*** Data provided ***

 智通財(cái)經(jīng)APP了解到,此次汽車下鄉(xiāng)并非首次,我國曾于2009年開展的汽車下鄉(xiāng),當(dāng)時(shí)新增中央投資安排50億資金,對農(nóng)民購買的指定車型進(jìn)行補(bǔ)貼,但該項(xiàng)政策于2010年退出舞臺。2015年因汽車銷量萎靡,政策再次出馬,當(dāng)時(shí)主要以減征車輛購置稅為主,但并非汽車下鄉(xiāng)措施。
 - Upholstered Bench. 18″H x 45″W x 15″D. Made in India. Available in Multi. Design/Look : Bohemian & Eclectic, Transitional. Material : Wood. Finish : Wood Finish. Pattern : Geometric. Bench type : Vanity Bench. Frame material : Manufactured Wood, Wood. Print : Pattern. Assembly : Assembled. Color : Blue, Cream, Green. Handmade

*** End of Data provided ***
*** Data provided ***

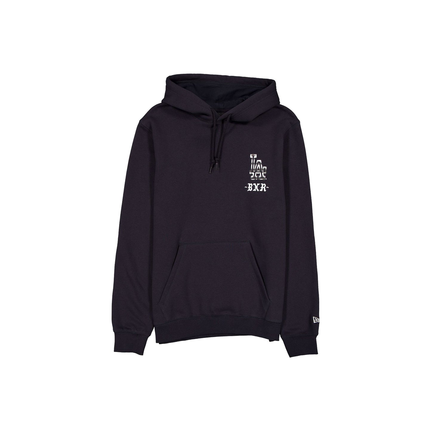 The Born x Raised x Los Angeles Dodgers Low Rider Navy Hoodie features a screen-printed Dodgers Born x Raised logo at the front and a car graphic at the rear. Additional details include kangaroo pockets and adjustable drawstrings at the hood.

*** End of Data provided ***
*** Data provided ***

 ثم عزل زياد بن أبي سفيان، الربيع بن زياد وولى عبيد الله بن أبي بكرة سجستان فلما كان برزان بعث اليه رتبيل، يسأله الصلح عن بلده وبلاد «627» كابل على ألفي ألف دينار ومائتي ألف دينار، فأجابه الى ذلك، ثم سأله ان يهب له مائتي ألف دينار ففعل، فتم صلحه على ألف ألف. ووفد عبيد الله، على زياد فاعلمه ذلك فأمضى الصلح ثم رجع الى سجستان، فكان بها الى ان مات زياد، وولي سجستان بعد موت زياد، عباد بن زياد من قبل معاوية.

*** End of Data provided ***

Task requirements —
Look above for the line with "智通財(cái)經(jīng" and the line with "- Upholstered Bench.". Retype those two lines and every line between them exactly, adding nothing.

Solution to the exercise —
 智通財(cái)經(jīng)APP了解到,此次汽車下鄉(xiāng)并非首次,我國曾于2009年開展的汽車下鄉(xiāng),當(dāng)時(shí)新增中央投資安排50億資金,對農(nóng)民購買的指定車型進(jìn)行補(bǔ)貼,但該項(xiàng)政策于2010年退出舞臺。2015年因汽車銷量萎靡,政策再次出馬,當(dāng)時(shí)主要以減征車輛購置稅為主,但并非汽車下鄉(xiāng)措施。
 - Upholstered Bench. 18″H x 45″W x 15″D. Made in India. Available in Multi. Design/Look : Bohemian & Eclectic, Transitional. Material : Wood. Finish : Wood Finish. Pattern : Geometric. Bench type : Vanity Bench. Frame material : Manufactured Wood, Wood. Print : Pattern. Assembly : Assembled. Color : Blue, Cream, Green. Handmade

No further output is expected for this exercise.